Our learning experience from the 36 mm COC model and LPUH videos was that stripe inclinations were related to femoral-neck widths (Figure 2, Figure 3). Large head:neck ratios resulted in greater ROM, producing steeper stripe inclinations at impingement. Steeper stripes were predicted following head subluxation, capable of crossing over the polar axis. Note that our 36 mm impingement model does not purport to represent anatomical functional positions. This model (Figure 3) makes no allowance for cup anteversion/lateral-inclination, femoral anteversion, or femoral-neck width. For this report, the LPUH videos offer the anatomical realism and comparisons of THA and RA designs in functional postures.

A variety of metal-on-metal (MOM) designs emerged during the 1960 era [36]. The pioneering McKee-Farrar THA (MKF) developed in England (1960-65) became widely used as a cemented design from 1965 onwards. The monolithic femoral component had a curved stem, large-diameter head and a short, wide neck (Figure 1(a)). Early results proved disappointing by today’s standards with loosening rates of 50% and higher.
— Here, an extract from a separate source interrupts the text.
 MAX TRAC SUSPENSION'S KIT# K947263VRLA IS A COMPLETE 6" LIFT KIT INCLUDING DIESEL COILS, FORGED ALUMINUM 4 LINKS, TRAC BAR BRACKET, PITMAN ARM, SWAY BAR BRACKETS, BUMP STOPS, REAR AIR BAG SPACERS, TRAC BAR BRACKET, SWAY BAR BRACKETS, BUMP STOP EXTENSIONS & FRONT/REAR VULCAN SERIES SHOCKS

It was noted that loose cups typically migrated in the superomedial direction (0˚ - 30˚ from vertical axis), this corresponding to the typical inclination of the resultant hip force [37] [38] [39]. Nevertheless, the MKF retrievals had the significant benefit for retrieval studies in that the femoral head was not modular, thereby no ambiguity regarding head orientation in-vivo. Retrieval studies described both equatorial and polar wear patterns as well as peripheral wear stripes [40] [41] [42] [43] [44]. It was thought that “equatorial contact” denoted high frictional-torques able to promote cup loosening, i.e. “cup jamming”. Impingement damage was also visible on femoral necks and periarticular tissues were frequently stained gray by CoCr debris.
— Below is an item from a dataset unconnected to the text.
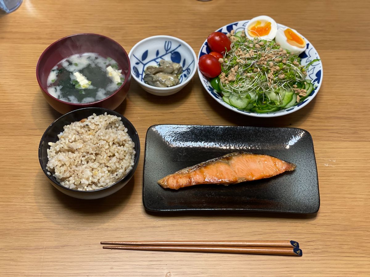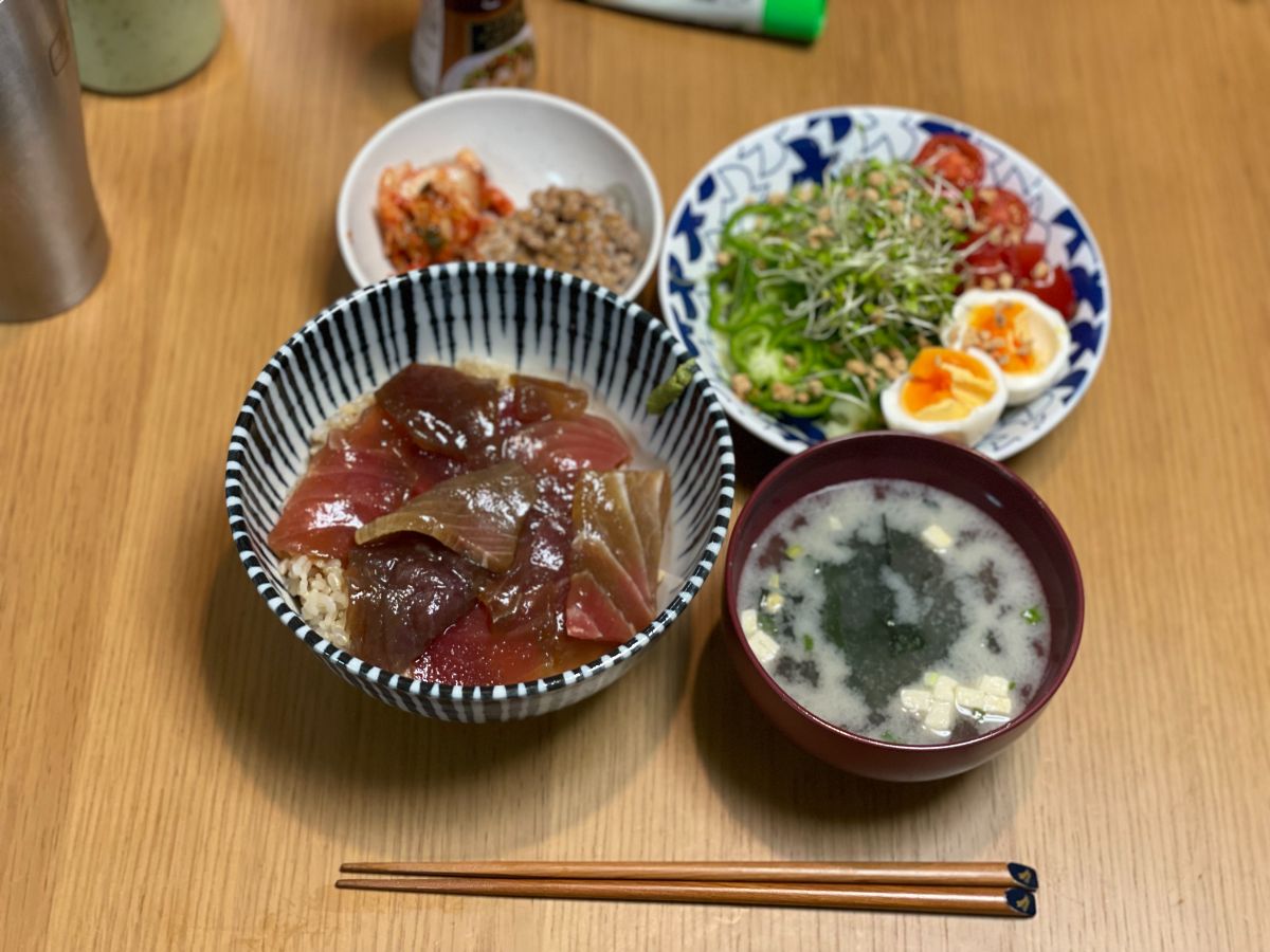 8:30 いつものスムージー、マグロ漬け丼、サラダ、ゆで卵、納豆キムチ、味噌汁

We analyzed a long-term MKF retrieval to validate LLUMC methodology and for literature comparisons. The MWZ was carefully delineated taking care to differentiate wear patterns from iridescent band of gelatinous protein layers that frequently clustered along wear boundaries. Approximately 1.8 mg of degraded protein could be removed from MOM heads by chemical-washing [45] [46] [47]. This particular MKF did not show any stripe wear. The typical wear-pattern (Figure 1(a): MWZ) was circular in shape and oriented such that the narrowest main-wear boundary was located at the superolateral head margin (Figure 6(a): dimension Z). It helped that the centroidal axis of the MWZ was centered adjacent to component midline and slightly superior to the polar axis (Figure 6(b)). Head MWZ was circular with its area representing 51% hemi-wear ratio (MWA). The cup MWZ area was larger, corresponding to MWA ratio of 79%. With cup positioned at 30˚ inclination, the MWZ centroidal axis (C) corresponded to presumed line-of-action of the resultant hip-joint force (Figure 6(a): 15˚ medial inclination). This reverse-engineering of head and cup MWZ appeared typical of MKF radiographic images [39].
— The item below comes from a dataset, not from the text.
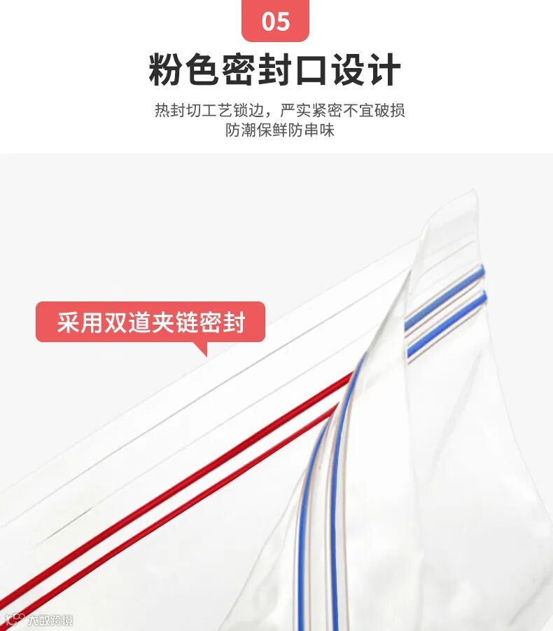 采用双层咬入式夹链封口设计,咔咔一下轻松密封,光听声音就知道有没有密封好。双封条设计,不易漏气,增强阻气密闭性,防止内包物被氧化受潮,优化保鲜,存放效果~

Modular COC and MOM retrievals [1] [2] [10] represent additional complexities in mapping wear patterns. An antero-posterior THA x-ray serves here as an example (Figure 7(a)). The head and neck (left hip depicted) shows approximately 38˚ inclination to the horizontal and the acetabular cup approximately 48˚. For the purpose of discussion, it will be assumed that this is a reasonable approximation for “functional-standing” posture in LPUH videos. Anatomical definitions for medial/lateral and inferior/superior are as depicted. However, unless the revision surgeon marks each component during surgery, all anatomical landmarks are lost. Typically, the polar axis (P) is the sole identifiable landmark in modular femoral heads (Figure 7(b), Figure 7(c)).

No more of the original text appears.